Reproduce every line of the data, exactly and without its pictures.

» **RECORDED DATA**
★ ★ ★

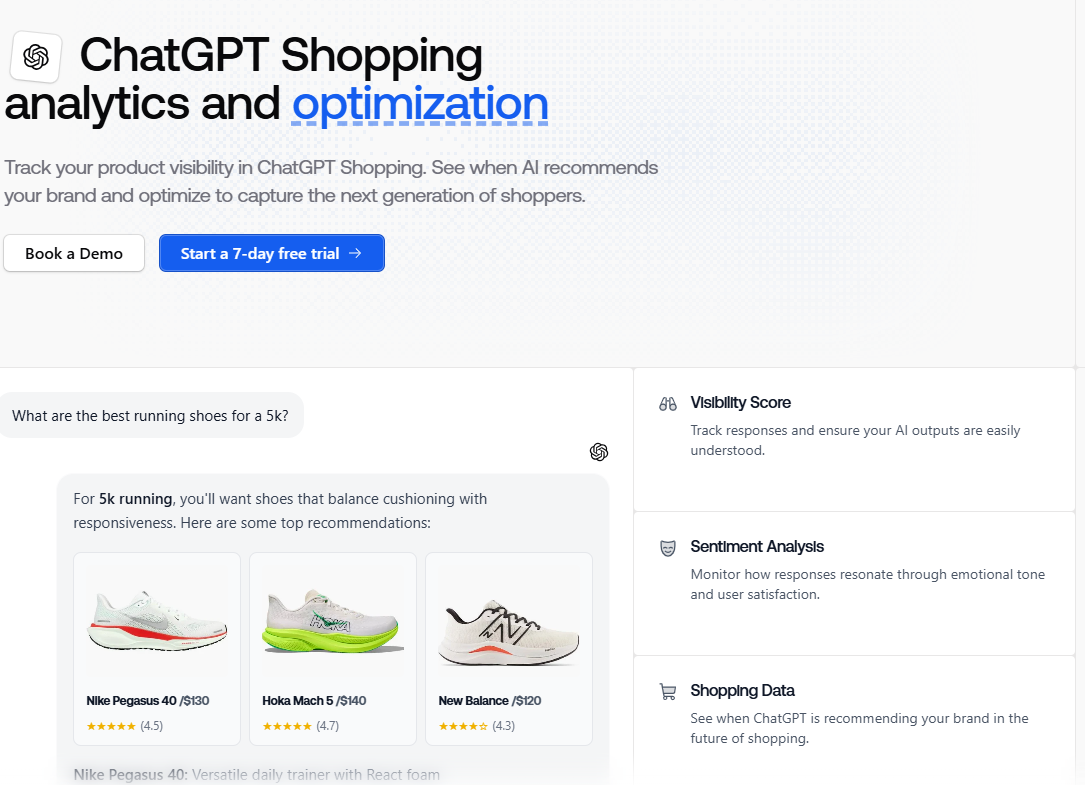 The ChatGPT shopping feature focuses on how products are recommended within AI-driven experiences in ChatGPT. It tracks product mentions, rankings, sentiment, and competing brands across different prompts.
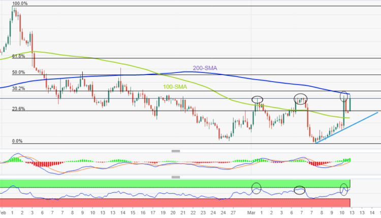 - Hidden bearish RSI divergence teases another pullback from 200-SMA but 100-SMA defends bulls.
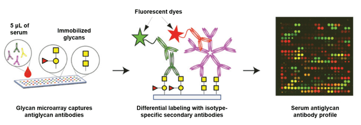 GlycoUniverse offers Glycan Microarray service to help researchers to screen glycan-binding interactions. Our exclusive and built-to-order library of Glycan Standards includes diverse oligosaccharide sequences of mammalian glycoproteins, glycolipids, glycosaminoglycans as well as those from bacterial, fungal and plant polysaccharides. Broad-spectrum and focused arrays, including Lectin arrays, Mucin arrays, Siglec ligands arrays, Human-milk oligosaccharide (HMO) arrays, Tumor-associated carbohydrate antigens (TACAs) arrays, can be screened in parallel.

★ ★ ★

» **SOLUTION FOR THIS TASK**
 The ChatGPT shopping feature focuses on how products are recommended within AI-driven experiences in ChatGPT. It tracks product mentions, rankings, sentiment, and competing brands across different prompts.
 - Hidden bearish RSI divergence teases another pullback from 200-SMA but 100-SMA defends bulls.
 GlycoUniverse offers Glycan Microarray service to help researchers to screen glycan-binding interactions. Our exclusive and built-to-order library of Glycan Standards includes diverse oligosaccharide sequences of mammalian glycoproteins, glycolipids, glycosaminoglycans as well as those from bacterial, fungal and plant polysaccharides. Broad-spectrum and focused arrays, including Lectin arrays, Mucin arrays, Siglec ligands arrays, Human-milk oligosaccharide (HMO) arrays, Tumor-associated carbohydrate antigens (TACAs) arrays, can be screened in parallel.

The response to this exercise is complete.